STUDYING NOT TESTING IS
THE KEY PATH TO SUCCESS
BY MR. JUSTIN BUFFER, MSE, FOUNDER, OWNER, AND EDUCATIONAL DIRECTOR, CAMBRIDGE LEARNING CENTER OF NEW JERSEY
***************************************************************************
As the owner and founder of Cambridge Learning Center, I’ve come into contact with many parents who are under the impression that in order to better prepare themselves for testing, their children should simply take more practice tests. There’s a belief that being subject to repeated testing – over and over again – will make students perform better.
I’d like to share that this is a mistaken belief. In my experience, the value of repeated “practice testing” is entirely overestimated.
For no form of preparation in advance of testing is as valuable as studying.
If students do not sit down in a sincere pursuit of knowledge, they will never be adequately prepared for testing. Moreover, although practice tests do have their place, and our students take them frequently and regularly here at Cambridge, students will never be able to maximally improve their test performance without assiduously reviewing the mistakes they made during practice.

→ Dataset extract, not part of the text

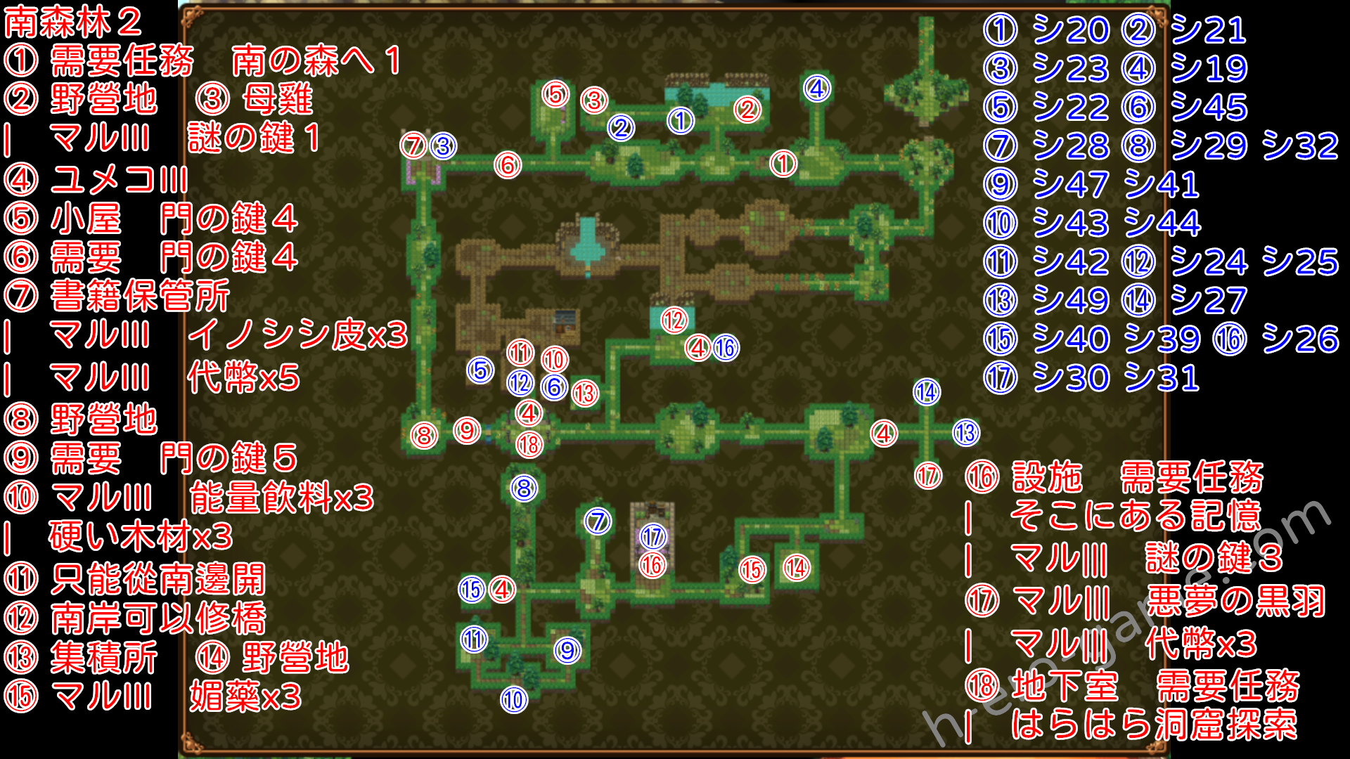 | そこにある記憶 | 揭示板 やすらぎの場所 | 跟トウゴ說話,帶トウゴ去南森林2的地下室,再帶到南森林2的設施 左下房間拿設施門の鍵,四個房間都檢查過回門口找トウゴ |

Why did I make that mistake? What’s the right answer? What do I need to know to avoid repeating what I did wrong last time?
These are the kinds of questions that students should be comfortable with, and they only crop up in the course of genuine study.
Think of it like getting good at playing music. If you just keeping playing the same song over and over again, you probably won’t break through and improve. But if you work with a teacher who can set you on the right path and identify all the weaknesses that have to be addressed, then you’re on your way to improvement.
Likewise, do you think an NFL team can become great just by playing enough games? Of course not. In between those games, during practice, they have to work out their strategies and iron out their issues.
To be sure, a measure of practice testing can have value. But it’s generally not the value some parents expect. Practice testing can be useful for building stamina and reducing the odds of a student’s skills faltering during test time due to fatigue. So being in test mode for a while, as practice, can often help to ready the mind for real testing on some level.
But the students who truly end up excelling on their tests are the ones who buckle down and study. That calls for sitting down and concentrating. It means working with flashcards. It means reading, reviewing, repeating, and refining. We have developed a study plan for this process at Cambridge.
As the old expression goes, “Practice makes perfect.”
But I’d like to add the footnote that it has to be the right kind of practice. When it comes to test preparation, study is good, but testing is not the answer.